Location map in sectors	A part of Layout for command area
Diversion weir from stream to Dam	Diversion weir in command area
Hillside on-canal regulating reservoir	Irrigation offtake from hillside canal

 

Existing irrigation infrastructures

The existing Kageyo scheme with 500ha of rice is irrigated by a small dam of 3.5MCM supplemented by drainage irrigation water from the Rwinkwavu scheme with 1,000ha irrigated by a dam of 6MCM, the table below summarize the status of existing hydraulic structures from Rwinkwavu to Kageyo scheme, however, the scope of this study includes only structures for Kageyo.
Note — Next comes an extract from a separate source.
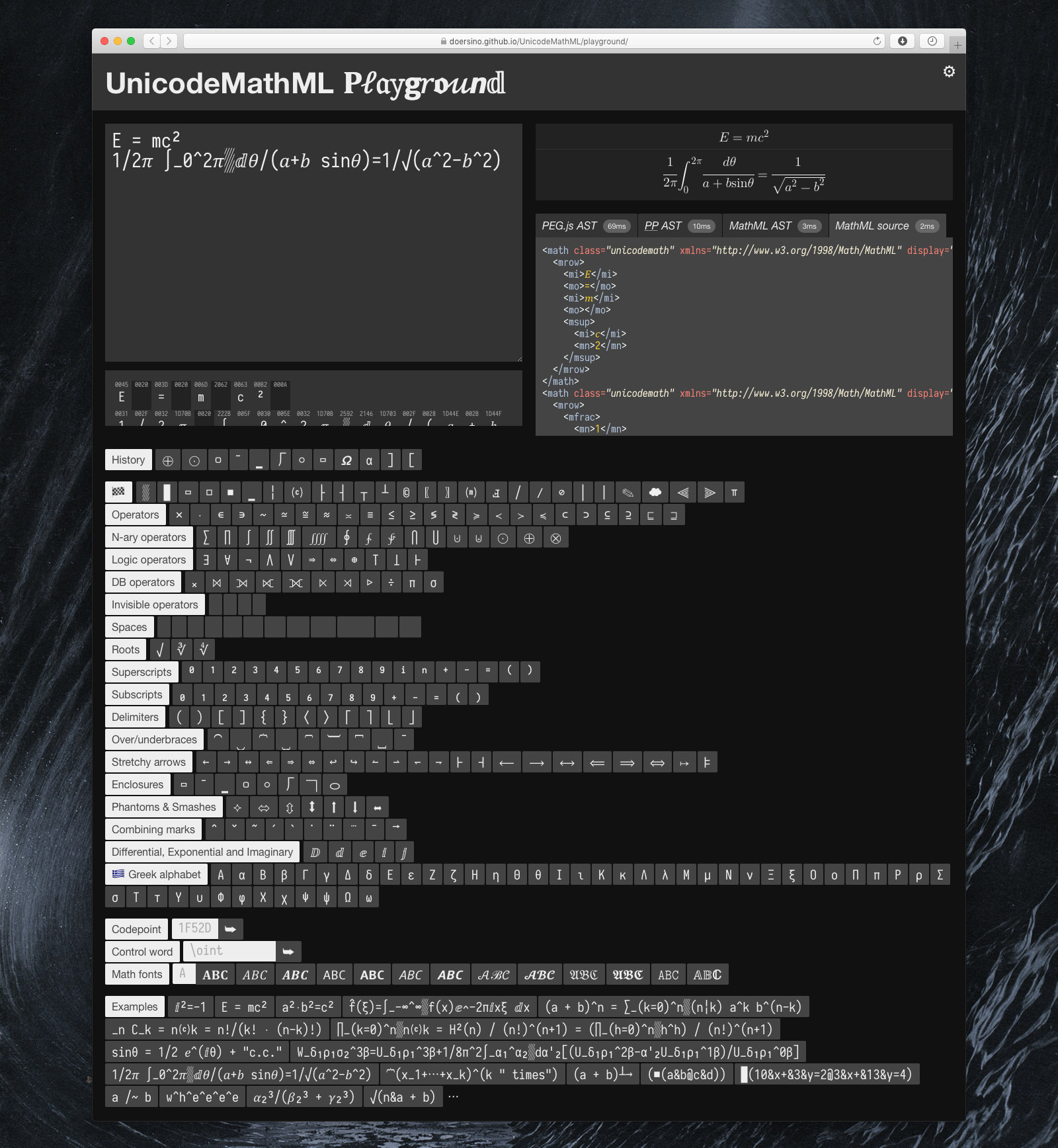 The UnicodeMathML Playground, originally built as a development tool, along with two well-known formulas expressed in UnicodeMath. Get familiar with it here!

Infrastructure	Description	Current Status	Comments and Proposed Improvement
Rwinkwavu scheme (1,000ha) developed by RSSP 3 in 2015
Rwinkwavu Dam	Type: Earthen dam 6Mcm Height: 9.5 m; Crest Length: 197m; Storage capacity: 6,000,000m3; Related structures: sediment flushing gate, intake structure, spillway, dam is fed by runoff and money streams	Well operating	In recent years, many farmers started to pump from the reservoir and from the main canals to irrigate their crops on the hillsides. The dam does not spill often so raising of the dam may not be beneficial.
Kadiridimba Dam	Small dam just upstream of the scheme	Outlet gate not operational	Because Rwinkwavu dam is 11 km upstream of the command area, this small reservoir could be used as a regulating reservoir to better control the flows into the scheme for improved water management and to reduce spills which will help reduce the water shortage during the dry season.
Weir intakes from Main canal	Type: Masonry Number: 5 weir intakes	In good status and well operating	No improvement required
Main canal	Type: earthen; trapezoidal shape, length: 27km, longitudinal slope: 0.003,	Good and well operating with some erosion on embankment	Lining of parts or all of the canal needs to be assessed.  Lining will help reduce the water shortage during the dry season.  Measuring water loss from the canals may help to make this assessment.
Kageyo scheme 500ha developed by RCSP in 2020
Kageyo Dam (same location as the proposed Kageyo Dam)	Earth dam, height: 6 m, Crest length: 500m Storage capacity: 3.5MCM	Well operating	Since its completion farmers started to change from cattle farming to cropping and irrigating around the reservoir, and are still expanding rice and other crops downstream of the command area, the dam is no longer able to meet the increased irrigation water demand, Need to increase the storage capacity to 18MCM to meet existing and proposed expansion irrigation requirements.
Kageyo feeder canal	Type:  earthen trapezoidal shape, Length: 8.5 km from Rwinkwavu diversion to Kageyo Dam	Not operational	Needs to be enlarged, assessed for lining, a siphon added to avoid the model village, and inlet and outlet structures designed.
Weir intake on main canal	Type: masonry Number: 3	In good status and well operating	No improvement required
Main canal	Type: earthen; trapezoidal shape, length: 12km, longitudinal slope: 0.001,	In good status and well operating	Due to flat slope infiltration rate mainly from weir to piedmont is high, lining of this section could reduce infiltration and increase the velocity
Access roads	Earthen road of 23 km in total for Rwinkwavu and Kageyo	Moderately in good condition	Regular maintenance is done by WUA, some sections are not well drained. Improvement of drainage is required

Scheme management

Both schemes (Rwinkwavu and Kageyo) are managed by one Water Users Association (WUA - Tugane Heza) and one Cooperative (Koperative Indatwa Kayonza: KOIKA) have a total member of 4,648.  The existing WUA and Cooperative will continue to manage the scheme after its expansion. The chart below shows the organizational structure of the WUA and scheme arrangement.

 

1. Objective of the assignment

The objective of this assignment is to conduct an assessment of the existing Kageyo Feasibility Study, confirm the location and size of Kageyo Dam, size of command area, irrigation network layout, and to present the analysis and proposed improvement alternatives in the Interim Report for approval before preparing all Detailed Design documents including design report and drawings, bill of quantities, technical specifications, tender documents, irrigation operations and maintenance manual, self-standing plans for dam construction supervision, quality assurance, instrumentation, operations and maintenance, and emergency preparedness as required by OP 4.37.I. 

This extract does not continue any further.